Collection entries

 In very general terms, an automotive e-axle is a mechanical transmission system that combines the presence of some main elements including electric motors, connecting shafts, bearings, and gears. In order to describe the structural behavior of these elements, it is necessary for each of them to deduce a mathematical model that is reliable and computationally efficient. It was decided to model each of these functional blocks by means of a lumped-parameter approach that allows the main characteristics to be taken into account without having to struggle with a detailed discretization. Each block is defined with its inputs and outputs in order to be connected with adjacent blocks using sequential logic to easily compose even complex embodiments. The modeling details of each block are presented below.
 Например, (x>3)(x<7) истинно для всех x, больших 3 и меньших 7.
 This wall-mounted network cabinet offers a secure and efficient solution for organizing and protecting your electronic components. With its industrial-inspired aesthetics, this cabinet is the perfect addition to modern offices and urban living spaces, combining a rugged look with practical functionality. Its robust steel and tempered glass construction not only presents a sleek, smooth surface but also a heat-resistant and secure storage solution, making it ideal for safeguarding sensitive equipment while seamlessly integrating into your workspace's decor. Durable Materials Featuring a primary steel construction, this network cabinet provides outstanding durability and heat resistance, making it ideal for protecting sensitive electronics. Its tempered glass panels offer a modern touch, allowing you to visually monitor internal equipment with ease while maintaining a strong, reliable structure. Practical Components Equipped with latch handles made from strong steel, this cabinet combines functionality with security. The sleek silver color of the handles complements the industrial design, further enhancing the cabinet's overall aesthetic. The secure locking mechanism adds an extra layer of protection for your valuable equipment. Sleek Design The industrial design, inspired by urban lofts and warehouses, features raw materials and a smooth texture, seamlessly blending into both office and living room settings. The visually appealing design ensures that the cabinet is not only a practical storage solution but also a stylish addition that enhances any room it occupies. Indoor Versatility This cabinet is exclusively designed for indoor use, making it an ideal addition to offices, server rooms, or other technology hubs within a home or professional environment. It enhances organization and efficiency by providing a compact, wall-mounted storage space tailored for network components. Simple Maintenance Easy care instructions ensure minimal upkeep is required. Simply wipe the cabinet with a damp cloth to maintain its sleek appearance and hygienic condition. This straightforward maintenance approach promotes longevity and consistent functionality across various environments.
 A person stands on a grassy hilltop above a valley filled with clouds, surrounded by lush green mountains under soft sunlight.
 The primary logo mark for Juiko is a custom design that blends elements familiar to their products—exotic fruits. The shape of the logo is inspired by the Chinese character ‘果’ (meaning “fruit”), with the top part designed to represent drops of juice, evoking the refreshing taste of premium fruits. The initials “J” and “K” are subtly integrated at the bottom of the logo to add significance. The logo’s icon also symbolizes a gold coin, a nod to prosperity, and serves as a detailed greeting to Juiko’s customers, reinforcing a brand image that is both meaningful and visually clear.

• EXERCISE PROMPT
Begin with the first line of the records and finish with the line containing "Например, (x>3)(x<7) истинно". Reproduce those lines exactly, both ends included, and nothing else.

• WRITTEN ANSWER
 In very general terms, an automotive e-axle is a mechanical transmission system that combines the presence of some main elements including electric motors, connecting shafts, bearings, and gears. In order to describe the structural behavior of these elements, it is necessary for each of them to deduce a mathematical model that is reliable and computationally efficient. It was decided to model each of these functional blocks by means of a lumped-parameter approach that allows the main characteristics to be taken into account without having to struggle with a detailed discretization. Each block is defined with its inputs and outputs in order to be connected with adjacent blocks using sequential logic to easily compose even complex embodiments. The modeling details of each block are presented below.
 Например, (x>3)(x<7) истинно для всех x, больших 3 и меньших 7.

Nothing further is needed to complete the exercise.